:: Data section ::
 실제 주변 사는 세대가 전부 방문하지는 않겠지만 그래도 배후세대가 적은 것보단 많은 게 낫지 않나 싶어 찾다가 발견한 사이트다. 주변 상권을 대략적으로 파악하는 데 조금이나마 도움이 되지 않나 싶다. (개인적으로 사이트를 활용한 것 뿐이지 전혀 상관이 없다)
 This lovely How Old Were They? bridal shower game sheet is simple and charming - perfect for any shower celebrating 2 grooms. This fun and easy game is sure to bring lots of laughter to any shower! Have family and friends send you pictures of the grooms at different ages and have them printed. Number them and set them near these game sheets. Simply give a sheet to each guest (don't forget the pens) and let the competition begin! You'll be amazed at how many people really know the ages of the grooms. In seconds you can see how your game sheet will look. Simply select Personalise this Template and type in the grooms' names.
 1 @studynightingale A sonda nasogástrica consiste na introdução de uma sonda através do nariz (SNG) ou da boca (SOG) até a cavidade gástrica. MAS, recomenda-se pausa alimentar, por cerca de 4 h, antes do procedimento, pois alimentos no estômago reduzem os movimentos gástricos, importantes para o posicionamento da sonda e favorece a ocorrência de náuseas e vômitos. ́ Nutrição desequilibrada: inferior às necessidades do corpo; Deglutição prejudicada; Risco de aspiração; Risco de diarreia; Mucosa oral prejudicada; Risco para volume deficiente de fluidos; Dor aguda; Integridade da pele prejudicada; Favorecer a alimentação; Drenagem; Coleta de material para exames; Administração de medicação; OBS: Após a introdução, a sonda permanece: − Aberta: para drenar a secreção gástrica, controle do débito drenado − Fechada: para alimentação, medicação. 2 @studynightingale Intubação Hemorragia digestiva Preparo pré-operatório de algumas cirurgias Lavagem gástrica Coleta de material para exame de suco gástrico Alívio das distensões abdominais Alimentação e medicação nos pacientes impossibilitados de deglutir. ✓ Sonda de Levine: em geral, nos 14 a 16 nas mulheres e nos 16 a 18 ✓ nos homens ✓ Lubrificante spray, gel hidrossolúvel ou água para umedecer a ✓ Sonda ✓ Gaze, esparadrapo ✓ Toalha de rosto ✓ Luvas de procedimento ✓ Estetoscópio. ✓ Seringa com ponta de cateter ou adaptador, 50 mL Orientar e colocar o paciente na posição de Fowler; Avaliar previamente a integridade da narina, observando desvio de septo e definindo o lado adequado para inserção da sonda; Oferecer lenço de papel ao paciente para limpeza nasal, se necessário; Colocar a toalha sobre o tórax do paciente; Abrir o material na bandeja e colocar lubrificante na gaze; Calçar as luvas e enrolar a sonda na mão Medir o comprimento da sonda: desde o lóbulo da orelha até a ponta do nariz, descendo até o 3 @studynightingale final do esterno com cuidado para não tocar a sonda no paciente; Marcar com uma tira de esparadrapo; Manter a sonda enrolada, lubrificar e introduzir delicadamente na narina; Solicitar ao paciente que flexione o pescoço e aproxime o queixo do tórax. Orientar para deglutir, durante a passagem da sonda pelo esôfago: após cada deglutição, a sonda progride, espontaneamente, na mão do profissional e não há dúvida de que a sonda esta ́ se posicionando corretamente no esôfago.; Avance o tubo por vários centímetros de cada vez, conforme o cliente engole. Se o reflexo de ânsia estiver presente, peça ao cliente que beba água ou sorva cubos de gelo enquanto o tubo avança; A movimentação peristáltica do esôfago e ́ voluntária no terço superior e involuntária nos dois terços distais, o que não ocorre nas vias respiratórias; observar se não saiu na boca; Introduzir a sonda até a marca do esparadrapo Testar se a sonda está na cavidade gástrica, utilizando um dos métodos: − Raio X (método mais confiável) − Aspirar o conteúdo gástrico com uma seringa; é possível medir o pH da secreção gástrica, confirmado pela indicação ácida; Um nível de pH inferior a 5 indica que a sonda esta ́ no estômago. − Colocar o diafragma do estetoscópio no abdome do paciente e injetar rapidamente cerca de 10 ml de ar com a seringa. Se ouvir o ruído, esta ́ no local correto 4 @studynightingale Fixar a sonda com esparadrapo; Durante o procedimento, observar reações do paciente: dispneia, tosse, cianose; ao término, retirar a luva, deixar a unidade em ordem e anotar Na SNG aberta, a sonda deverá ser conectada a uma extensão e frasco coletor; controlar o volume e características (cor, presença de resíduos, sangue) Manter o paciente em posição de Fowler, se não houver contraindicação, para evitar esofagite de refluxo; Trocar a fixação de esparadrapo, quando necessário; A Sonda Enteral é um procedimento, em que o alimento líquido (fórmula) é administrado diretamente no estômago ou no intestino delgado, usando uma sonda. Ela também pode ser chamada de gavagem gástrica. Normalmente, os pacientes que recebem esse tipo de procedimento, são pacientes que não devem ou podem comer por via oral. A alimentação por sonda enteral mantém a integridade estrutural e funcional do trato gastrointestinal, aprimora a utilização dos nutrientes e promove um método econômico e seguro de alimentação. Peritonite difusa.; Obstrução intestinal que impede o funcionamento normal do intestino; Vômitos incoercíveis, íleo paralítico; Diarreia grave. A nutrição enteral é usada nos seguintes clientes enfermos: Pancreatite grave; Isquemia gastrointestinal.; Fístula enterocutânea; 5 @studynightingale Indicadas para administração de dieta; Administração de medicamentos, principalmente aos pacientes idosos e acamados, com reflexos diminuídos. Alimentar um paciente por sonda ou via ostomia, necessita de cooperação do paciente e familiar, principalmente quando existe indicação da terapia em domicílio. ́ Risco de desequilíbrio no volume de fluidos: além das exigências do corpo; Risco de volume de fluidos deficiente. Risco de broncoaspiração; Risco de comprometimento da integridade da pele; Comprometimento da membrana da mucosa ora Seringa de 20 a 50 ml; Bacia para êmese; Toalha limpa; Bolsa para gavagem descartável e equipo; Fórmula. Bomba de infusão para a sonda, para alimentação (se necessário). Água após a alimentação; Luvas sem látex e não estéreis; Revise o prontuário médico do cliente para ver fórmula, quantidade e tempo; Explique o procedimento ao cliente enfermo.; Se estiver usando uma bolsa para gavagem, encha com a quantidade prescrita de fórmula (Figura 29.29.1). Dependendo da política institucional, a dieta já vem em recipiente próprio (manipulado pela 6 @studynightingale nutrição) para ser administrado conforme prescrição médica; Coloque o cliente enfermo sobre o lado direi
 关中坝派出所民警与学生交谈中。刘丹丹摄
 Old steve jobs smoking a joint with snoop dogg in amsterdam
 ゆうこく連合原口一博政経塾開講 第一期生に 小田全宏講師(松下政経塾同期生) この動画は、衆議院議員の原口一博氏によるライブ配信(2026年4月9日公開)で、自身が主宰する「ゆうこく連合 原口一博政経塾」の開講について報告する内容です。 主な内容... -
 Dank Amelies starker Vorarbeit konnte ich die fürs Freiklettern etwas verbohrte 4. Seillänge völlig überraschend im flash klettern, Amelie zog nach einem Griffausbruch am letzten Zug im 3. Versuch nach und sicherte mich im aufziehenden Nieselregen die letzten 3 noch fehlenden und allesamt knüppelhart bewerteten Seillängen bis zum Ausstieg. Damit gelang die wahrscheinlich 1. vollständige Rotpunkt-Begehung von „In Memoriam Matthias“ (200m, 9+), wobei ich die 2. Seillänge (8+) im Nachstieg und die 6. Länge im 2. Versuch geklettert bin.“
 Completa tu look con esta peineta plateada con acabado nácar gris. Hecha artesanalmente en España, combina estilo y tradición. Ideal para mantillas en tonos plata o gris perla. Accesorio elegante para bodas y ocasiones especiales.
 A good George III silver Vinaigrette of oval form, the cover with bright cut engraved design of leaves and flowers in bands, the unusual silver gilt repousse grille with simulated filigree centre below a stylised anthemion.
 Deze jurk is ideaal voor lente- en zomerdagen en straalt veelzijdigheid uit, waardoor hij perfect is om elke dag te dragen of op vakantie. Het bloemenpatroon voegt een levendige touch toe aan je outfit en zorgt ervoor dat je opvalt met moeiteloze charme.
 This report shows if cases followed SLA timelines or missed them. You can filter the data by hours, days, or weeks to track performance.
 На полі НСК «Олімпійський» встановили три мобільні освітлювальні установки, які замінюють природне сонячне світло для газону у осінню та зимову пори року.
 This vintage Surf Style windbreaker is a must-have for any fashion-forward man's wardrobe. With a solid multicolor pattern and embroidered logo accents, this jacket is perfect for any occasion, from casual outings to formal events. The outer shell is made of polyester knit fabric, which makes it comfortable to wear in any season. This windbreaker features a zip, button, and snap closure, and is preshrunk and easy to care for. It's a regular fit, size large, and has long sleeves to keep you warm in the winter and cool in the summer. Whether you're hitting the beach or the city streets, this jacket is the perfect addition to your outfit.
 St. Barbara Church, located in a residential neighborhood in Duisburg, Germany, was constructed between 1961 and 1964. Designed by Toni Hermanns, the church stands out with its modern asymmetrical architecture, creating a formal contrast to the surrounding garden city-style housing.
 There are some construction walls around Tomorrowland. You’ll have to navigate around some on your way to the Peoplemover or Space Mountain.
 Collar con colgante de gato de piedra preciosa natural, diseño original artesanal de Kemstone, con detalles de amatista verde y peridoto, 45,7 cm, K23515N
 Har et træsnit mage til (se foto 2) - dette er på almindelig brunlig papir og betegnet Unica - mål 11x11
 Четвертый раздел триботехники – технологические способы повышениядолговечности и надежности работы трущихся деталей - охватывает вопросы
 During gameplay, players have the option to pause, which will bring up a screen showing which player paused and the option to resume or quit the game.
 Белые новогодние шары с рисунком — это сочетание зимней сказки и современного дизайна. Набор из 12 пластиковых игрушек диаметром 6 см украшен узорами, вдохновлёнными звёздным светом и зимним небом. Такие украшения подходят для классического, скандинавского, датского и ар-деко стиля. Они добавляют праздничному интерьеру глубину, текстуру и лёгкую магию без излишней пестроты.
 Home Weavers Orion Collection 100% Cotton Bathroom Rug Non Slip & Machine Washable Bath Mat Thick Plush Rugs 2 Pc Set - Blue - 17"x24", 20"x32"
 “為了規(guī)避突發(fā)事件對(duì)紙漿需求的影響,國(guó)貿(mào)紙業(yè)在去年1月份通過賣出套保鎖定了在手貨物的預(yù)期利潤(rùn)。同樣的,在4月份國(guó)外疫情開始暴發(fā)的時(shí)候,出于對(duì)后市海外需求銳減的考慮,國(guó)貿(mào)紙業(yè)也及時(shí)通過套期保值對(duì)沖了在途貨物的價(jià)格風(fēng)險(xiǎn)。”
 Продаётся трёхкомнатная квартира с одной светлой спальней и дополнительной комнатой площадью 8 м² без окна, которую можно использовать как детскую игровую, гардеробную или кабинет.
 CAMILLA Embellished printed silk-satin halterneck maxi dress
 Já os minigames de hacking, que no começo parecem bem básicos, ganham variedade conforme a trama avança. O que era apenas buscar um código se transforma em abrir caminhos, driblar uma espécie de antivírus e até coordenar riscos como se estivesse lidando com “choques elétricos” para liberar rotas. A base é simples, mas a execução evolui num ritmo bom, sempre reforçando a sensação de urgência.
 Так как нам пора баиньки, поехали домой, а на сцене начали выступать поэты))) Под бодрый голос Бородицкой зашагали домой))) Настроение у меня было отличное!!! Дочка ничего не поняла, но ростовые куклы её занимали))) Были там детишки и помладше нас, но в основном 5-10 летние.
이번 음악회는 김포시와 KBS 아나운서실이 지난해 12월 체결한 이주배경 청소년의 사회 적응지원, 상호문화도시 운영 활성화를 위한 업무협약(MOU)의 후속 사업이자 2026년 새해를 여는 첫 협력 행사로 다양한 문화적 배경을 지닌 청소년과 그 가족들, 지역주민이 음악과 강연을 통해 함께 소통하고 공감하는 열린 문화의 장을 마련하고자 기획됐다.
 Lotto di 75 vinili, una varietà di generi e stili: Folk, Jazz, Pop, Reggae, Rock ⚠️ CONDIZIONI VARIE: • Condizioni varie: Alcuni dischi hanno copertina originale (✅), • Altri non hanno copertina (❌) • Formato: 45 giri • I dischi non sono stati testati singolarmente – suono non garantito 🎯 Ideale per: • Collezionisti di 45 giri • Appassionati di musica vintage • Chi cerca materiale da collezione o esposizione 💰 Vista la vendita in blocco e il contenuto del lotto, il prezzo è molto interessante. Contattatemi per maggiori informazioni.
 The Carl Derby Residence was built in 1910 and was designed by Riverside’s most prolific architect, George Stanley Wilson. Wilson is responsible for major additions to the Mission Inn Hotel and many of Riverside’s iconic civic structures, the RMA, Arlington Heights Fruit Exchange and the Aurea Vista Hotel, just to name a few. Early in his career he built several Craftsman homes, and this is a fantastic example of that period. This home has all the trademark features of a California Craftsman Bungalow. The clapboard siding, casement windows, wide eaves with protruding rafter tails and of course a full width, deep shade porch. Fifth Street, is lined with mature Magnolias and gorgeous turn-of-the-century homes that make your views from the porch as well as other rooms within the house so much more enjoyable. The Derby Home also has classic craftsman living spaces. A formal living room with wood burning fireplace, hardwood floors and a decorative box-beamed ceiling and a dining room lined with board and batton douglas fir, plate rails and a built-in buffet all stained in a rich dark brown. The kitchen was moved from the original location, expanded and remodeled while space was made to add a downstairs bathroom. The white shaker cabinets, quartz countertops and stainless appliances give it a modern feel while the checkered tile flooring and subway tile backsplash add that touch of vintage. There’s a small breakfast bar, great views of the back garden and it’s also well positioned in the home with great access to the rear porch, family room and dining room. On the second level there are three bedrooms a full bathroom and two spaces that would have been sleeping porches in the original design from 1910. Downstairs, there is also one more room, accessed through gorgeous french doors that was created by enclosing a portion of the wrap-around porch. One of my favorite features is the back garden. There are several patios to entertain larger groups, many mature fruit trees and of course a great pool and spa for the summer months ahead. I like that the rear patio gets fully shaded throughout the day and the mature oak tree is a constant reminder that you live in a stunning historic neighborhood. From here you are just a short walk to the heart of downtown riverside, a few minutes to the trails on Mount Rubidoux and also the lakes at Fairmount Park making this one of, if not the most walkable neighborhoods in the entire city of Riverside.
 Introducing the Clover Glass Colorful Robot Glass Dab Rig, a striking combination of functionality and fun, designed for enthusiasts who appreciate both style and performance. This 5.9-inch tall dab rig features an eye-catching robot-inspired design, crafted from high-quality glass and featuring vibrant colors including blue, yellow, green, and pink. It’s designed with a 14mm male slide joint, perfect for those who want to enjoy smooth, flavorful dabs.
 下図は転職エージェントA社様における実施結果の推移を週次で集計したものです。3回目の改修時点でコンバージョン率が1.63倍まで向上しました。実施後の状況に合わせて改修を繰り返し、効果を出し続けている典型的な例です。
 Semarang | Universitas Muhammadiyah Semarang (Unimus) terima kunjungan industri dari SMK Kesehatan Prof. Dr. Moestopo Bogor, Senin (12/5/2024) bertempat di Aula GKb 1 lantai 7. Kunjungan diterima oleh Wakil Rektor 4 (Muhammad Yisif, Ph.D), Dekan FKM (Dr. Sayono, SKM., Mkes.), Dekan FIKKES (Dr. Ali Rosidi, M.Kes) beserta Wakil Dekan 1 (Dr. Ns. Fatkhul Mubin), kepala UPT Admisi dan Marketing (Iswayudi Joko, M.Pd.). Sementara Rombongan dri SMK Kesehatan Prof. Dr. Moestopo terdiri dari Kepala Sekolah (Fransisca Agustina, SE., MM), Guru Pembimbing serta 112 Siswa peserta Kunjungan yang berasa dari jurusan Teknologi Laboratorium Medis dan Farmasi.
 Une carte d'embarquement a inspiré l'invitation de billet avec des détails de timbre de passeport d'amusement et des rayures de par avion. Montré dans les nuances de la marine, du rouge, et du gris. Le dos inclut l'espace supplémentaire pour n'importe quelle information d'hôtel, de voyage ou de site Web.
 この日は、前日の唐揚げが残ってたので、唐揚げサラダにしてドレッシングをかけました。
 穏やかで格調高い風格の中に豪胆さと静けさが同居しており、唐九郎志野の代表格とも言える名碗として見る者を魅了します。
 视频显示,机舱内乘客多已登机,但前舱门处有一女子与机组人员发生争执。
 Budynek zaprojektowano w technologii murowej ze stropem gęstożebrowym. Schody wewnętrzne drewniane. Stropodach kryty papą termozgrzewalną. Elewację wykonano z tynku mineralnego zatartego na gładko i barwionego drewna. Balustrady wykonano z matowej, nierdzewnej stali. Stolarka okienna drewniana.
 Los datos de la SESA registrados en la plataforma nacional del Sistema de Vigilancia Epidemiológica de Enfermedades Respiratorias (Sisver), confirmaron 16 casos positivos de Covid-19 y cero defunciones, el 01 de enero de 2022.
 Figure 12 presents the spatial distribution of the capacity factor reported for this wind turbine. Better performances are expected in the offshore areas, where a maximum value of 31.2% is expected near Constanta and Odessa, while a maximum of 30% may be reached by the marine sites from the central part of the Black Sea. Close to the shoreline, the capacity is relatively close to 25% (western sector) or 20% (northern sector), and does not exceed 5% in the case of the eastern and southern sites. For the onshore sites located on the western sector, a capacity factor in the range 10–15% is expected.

:: Work instruction ::
Within the material above, transcribe exactly the lines that run from the line holding "CAMILLA Embellished printed" through the line holding "이번 음악회는 김포시와".

:: Solution to the exercise ::
 CAMILLA Embellished printed silk-satin halterneck maxi dress
 Já os minigames de hacking, que no começo parecem bem básicos, ganham variedade conforme a trama avança. O que era apenas buscar um código se transforma em abrir caminhos, driblar uma espécie de antivírus e até coordenar riscos como se estivesse lidando com “choques elétricos” para liberar rotas. A base é simples, mas a execução evolui num ritmo bom, sempre reforçando a sensação de urgência.
 Так как нам пора баиньки, поехали домой, а на сцене начали выступать поэты))) Под бодрый голос Бородицкой зашагали домой))) Настроение у меня было отличное!!! Дочка ничего не поняла, но ростовые куклы её занимали))) Были там детишки и помладше нас, но в основном 5-10 летние.
이번 음악회는 김포시와 KBS 아나운서실이 지난해 12월 체결한 이주배경 청소년의 사회 적응지원, 상호문화도시 운영 활성화를 위한 업무협약(MOU)의 후속 사업이자 2026년 새해를 여는 첫 협력 행사로 다양한 문화적 배경을 지닌 청소년과 그 가족들, 지역주민이 음악과 강연을 통해 함께 소통하고 공감하는 열린 문화의 장을 마련하고자 기획됐다.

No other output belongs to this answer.